The bandleader and trombonist Chris Barber, who has died aged 90, was one of the most accessible and charismatic figures to emerge from the New Orleans-inspired jazz revivalist movement that played such a significant part in shaping British popular music between the late 1940s and mid-60s.

As a bandleader he began by taking the cornettist Ken Colyer’s rugged, fundamentalist proto-jazz revivalism of the early 50s and refashioning it into a more elegant, more ebullient and more accessible form for a younger audience. He was also one of the first British bandleaders to feature the infectiously rudimentary tea-chest bass-and-washboard music of skiffle within his own far from rudimentary outfits, putting a match to a craze that helped launch the careers of many UK bands, including the Beatles. Lonnie Donegan performed the skiffle anthem Rock Island Line with Barber, and in 1956 it went on to be a million-selling hit.

As their style expanded around a hot core of early jazz and blues, Barber’s bands began splicing traditional jazz with Duke Ellington’s music, and with rock’n’roll and R&B. Some purist jazz devotees considered these to be sacrilegious compromises, but while Barber was always open to changes in taste, this was not to the extent that his own work lost focus. He was an articulate campaigner for jazz on and off the bandstand, a jazz archivist who brought what he cherished to new life, and he was a collaborator with many stars, from the bop-based saxophonist Joe Harriott to blues celebrities such as Muddy Waters and Sonny Terry, and, later, the likes of Van Morrison, Mark Knopfler and Dr John. Mildly eccentric buffoonery and immense musical polish coexisted in Barber’s bands, and their chemistry lent them durable, generation-bridging charm.

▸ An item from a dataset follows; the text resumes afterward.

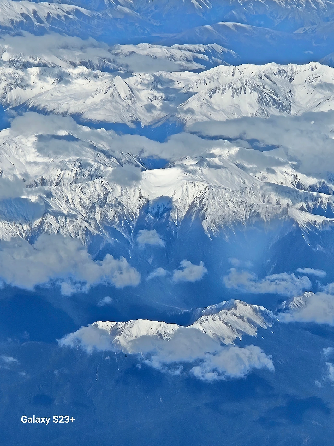 퀸스타운으로 가는 비행기에서 본 설산과 구름

Barber was born in Welwyn Garden City, in Hertfordshire, to Hettie (nee Dunne), a schoolteacher, and Donald, an economist and statistician. He studied the violin as a child, and was educated at St Paul’s school in London. In the late 40s Britain’s largely amateur traditional-jazz boom was getting under way, and at 18 Barber bought a battered trombone from Harry Brown, a sideman with Humphrey Lyttelton. After briefly working with the singer Beryl Bryden and the clarinettist Cy Laurie, he was leading his own band by 1949.

In the early 50s he studied the trombone and double bass at the Guildhall School of Music in London, simultaneously running a New Orleans-styled group with Donegan, the clarinettist Monty Sunshine, bassist Jim Bray, drummer Ron Bowden and, later, the cornettist Pat Halcox.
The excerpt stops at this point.